Note that, in sorting the Players from highest to lowest batting average, the SortByBA() member function is careful to sort the playerList array, not the alphaPlayerList array. Were it instead to sort alphaPlayerList by batting average, it would render useless all further calls to BinSearch() since BinSearch() depends on the names in alphaPlayerList being in alphabetical order.
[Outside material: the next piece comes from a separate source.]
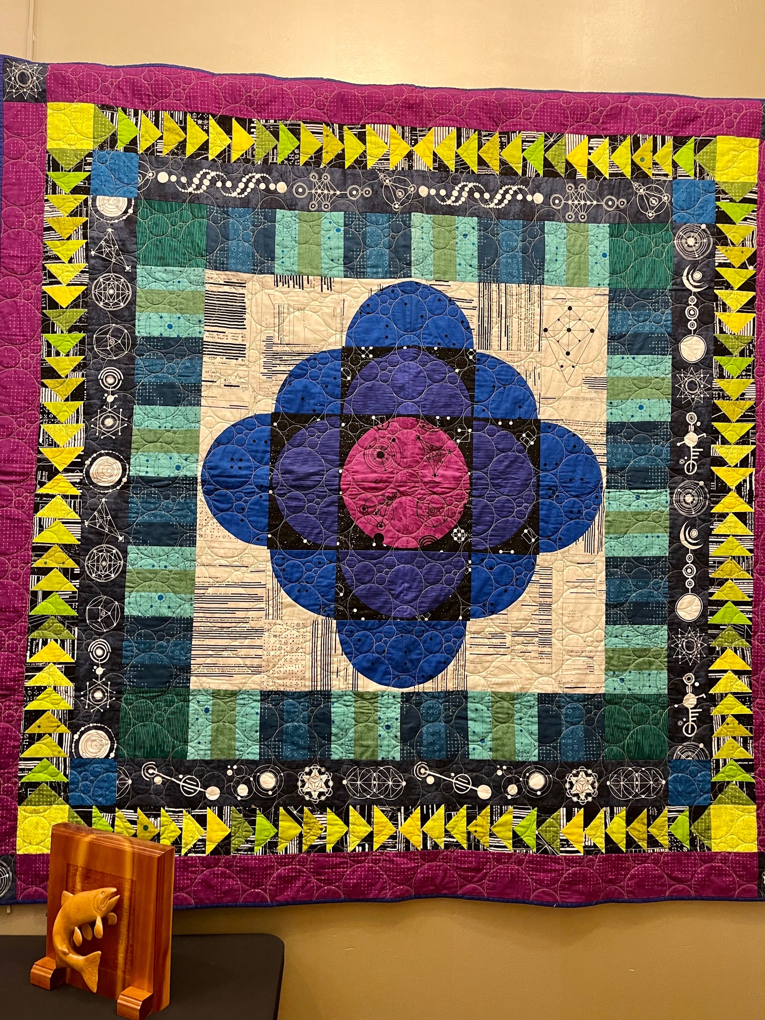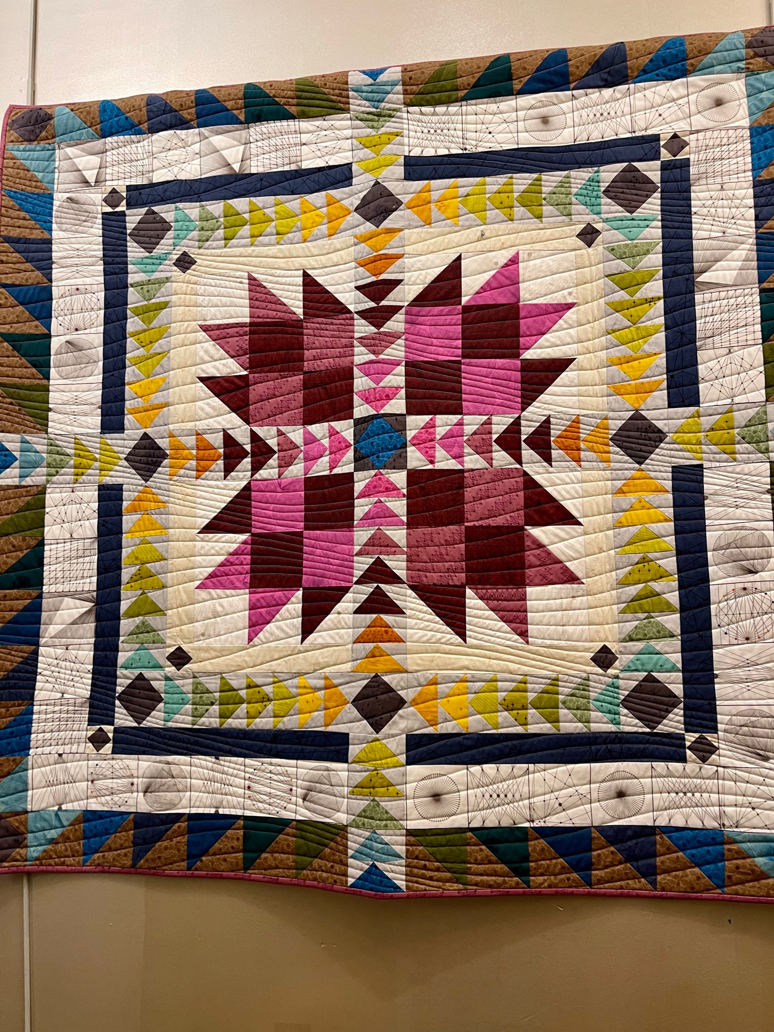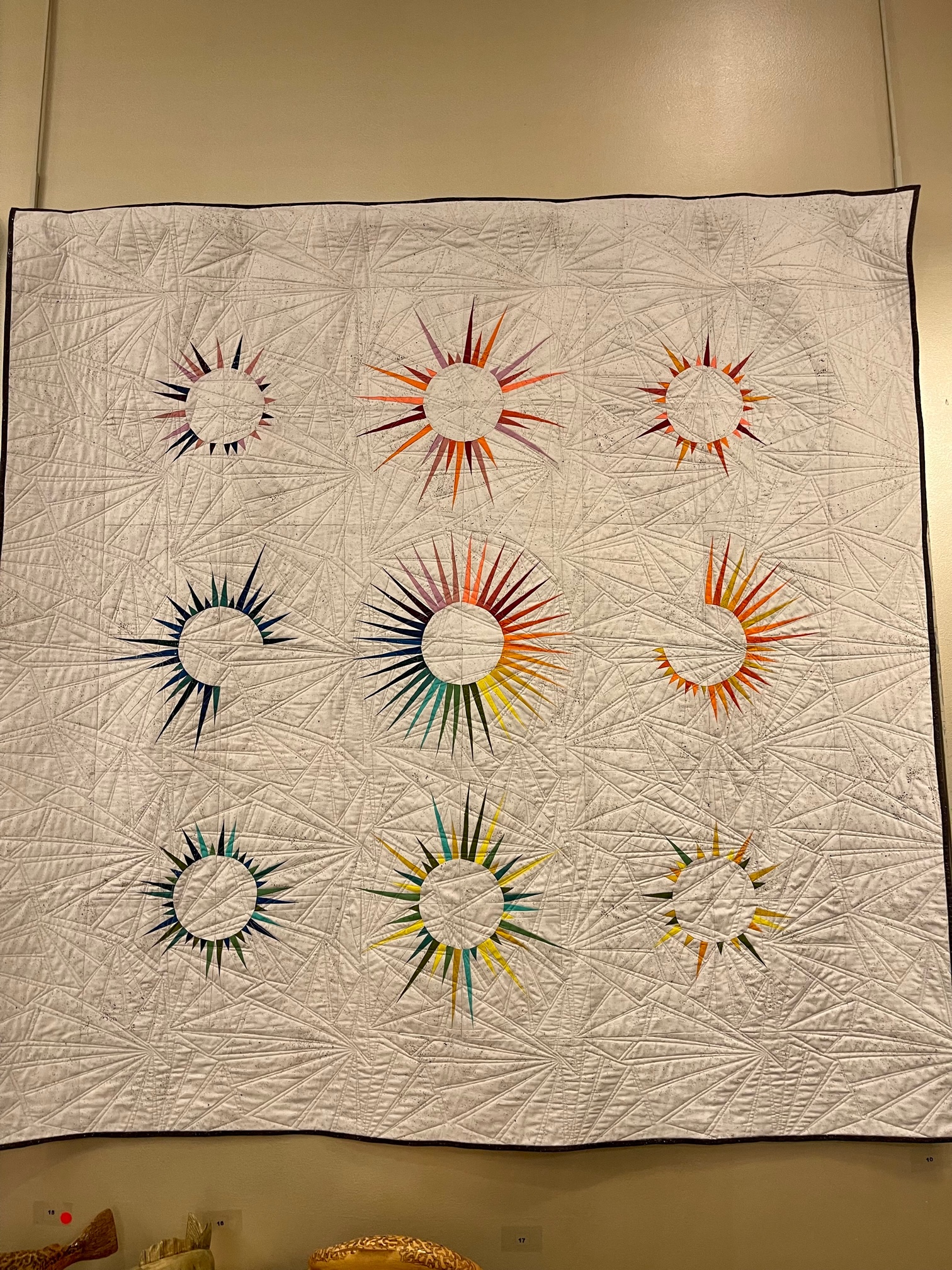For this exhibit Giuseppe chose to show only quilts that he made from his own fabric. You can see a beautiful range, but they are all true to his bold, colorful and modern style of quilting. From L-R, top row: Between Worlds, Particle, RE, Canyon Road

As a good review of sorting,

Study the SortByBA() function.

Run BALeaders.cpp.

Application

Open the MS Word document Lab 13 App.doc, found in the Lab 13 App subfolder, and follow the instructions.

Summary

In this lab, we conducted experiments with two different searching algorithms: linear search and binary search. We obtained evidence to support the theory that a linear search of a list with n objects requires, on average, (n + 1)/2 comparisons. For example, our list of 341 objects requires 170.5 comparisons on average. In effect, if one doubles the size of the list, the linear search algorithm will require twice the time to search it. This is a property of all “linear” or O(n) algorithms.

Our experiments demonstrated that a binary search is vastly superior to a linear search. Of course, a binary search can work properly only if the list is ordered. To appreciate the differences in performance of the two searching algorithms, we note that if the list contains 341 names, the binary search algorithm requires, in the worst case, just nine comparisons of the search name to names in the list. This number comes about as the number of terms in the sequence of numbers that represent the sizes of the sublists under consideration:

341 ® 170 ® 85 ® 42 ® 21 ® 10 ® 5 ® 2 ® 1

The above sequence suggests that if the list size is doubled, the binary search algorithm’s worst case will involve only 1 additional comparison! This is a property of all O(log n) algorithms.